__Given information__.
===

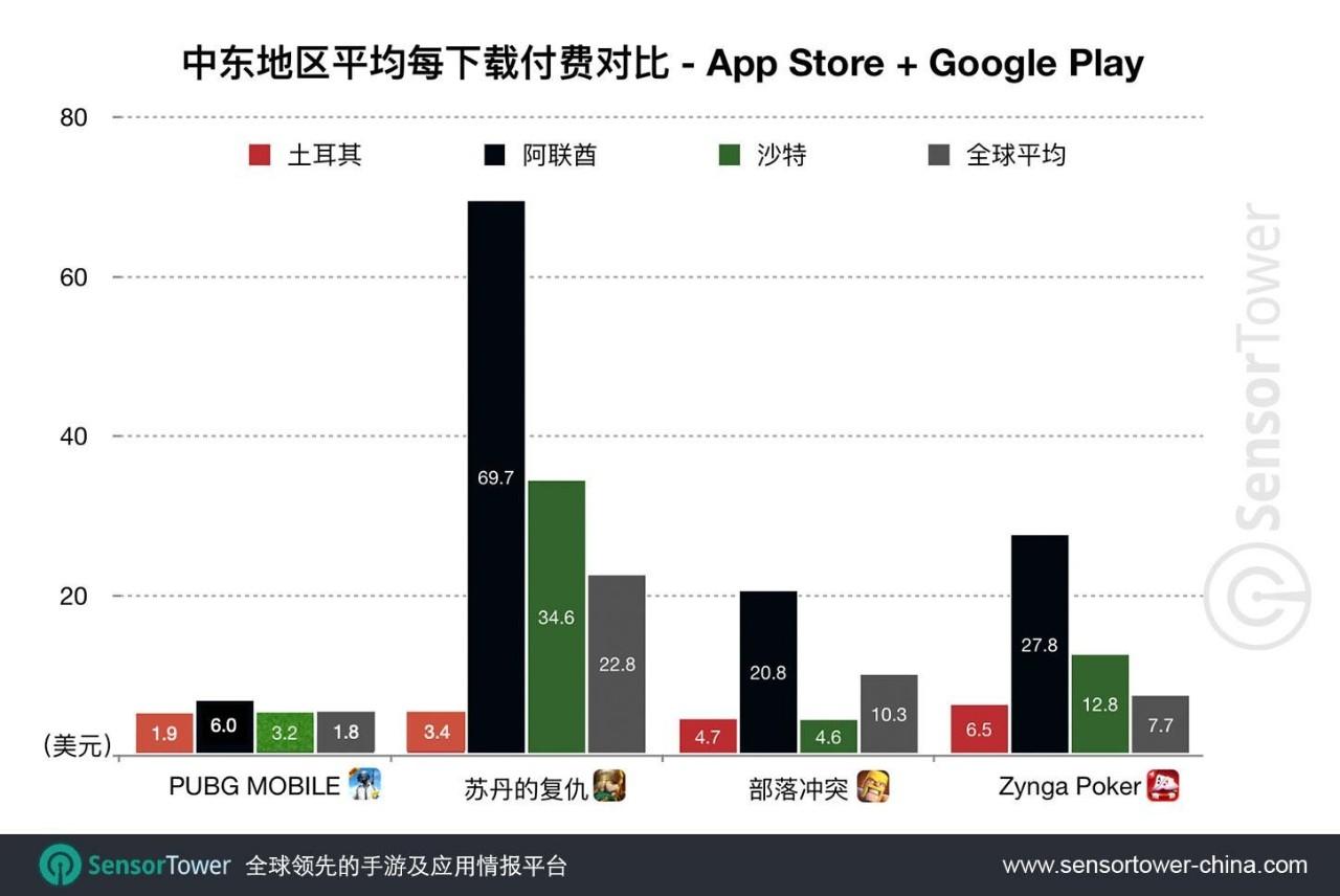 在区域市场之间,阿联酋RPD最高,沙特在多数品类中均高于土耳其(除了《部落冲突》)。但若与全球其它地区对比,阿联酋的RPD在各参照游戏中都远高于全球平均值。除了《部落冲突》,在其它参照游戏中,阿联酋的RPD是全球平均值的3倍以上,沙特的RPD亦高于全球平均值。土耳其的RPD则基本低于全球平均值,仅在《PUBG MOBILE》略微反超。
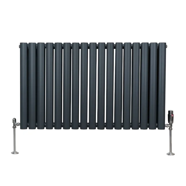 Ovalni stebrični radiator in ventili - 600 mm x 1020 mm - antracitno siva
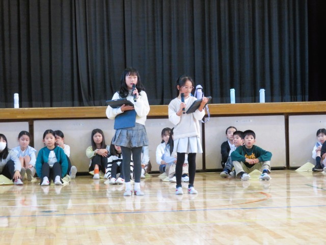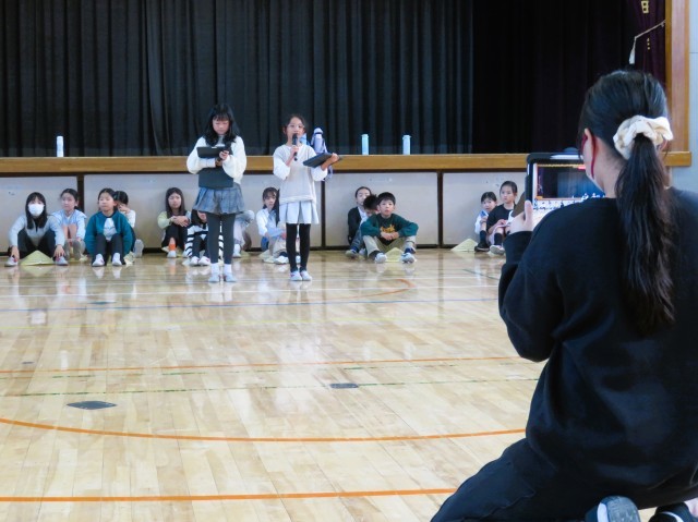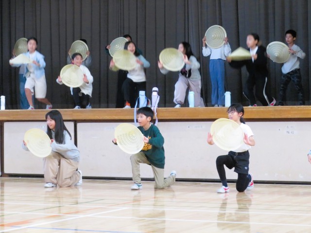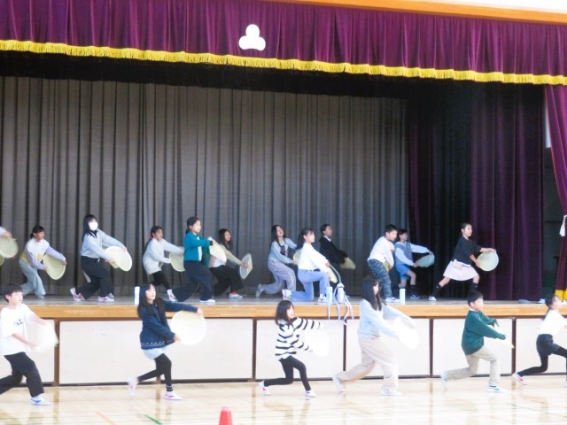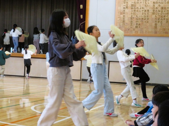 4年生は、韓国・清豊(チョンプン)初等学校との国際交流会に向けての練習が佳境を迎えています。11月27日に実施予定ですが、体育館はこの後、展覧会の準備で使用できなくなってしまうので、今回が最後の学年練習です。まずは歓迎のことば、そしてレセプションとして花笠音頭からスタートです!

===

__What is being asked__. Retype the entire listing exactly as it appears, dropping only the pictures.

__Answer to the problem__.
 在区域市场之间,阿联酋RPD最高,沙特在多数品类中均高于土耳其(除了《部落冲突》)。但若与全球其它地区对比,阿联酋的RPD在各参照游戏中都远高于全球平均值。除了《部落冲突》,在其它参照游戏中,阿联酋的RPD是全球平均值的3倍以上,沙特的RPD亦高于全球平均值。土耳其的RPD则基本低于全球平均值,仅在《PUBG MOBILE》略微反超。
 Ovalni stebrični radiator in ventili - 600 mm x 1020 mm - antracitno siva
 4年生は、韓国・清豊(チョンプン)初等学校との国際交流会に向けての練習が佳境を迎えています。11月27日に実施予定ですが、体育館はこの後、展覧会の準備で使用できなくなってしまうので、今回が最後の学年練習です。まずは歓迎のことば、そしてレセプションとして花笠音頭からスタートです!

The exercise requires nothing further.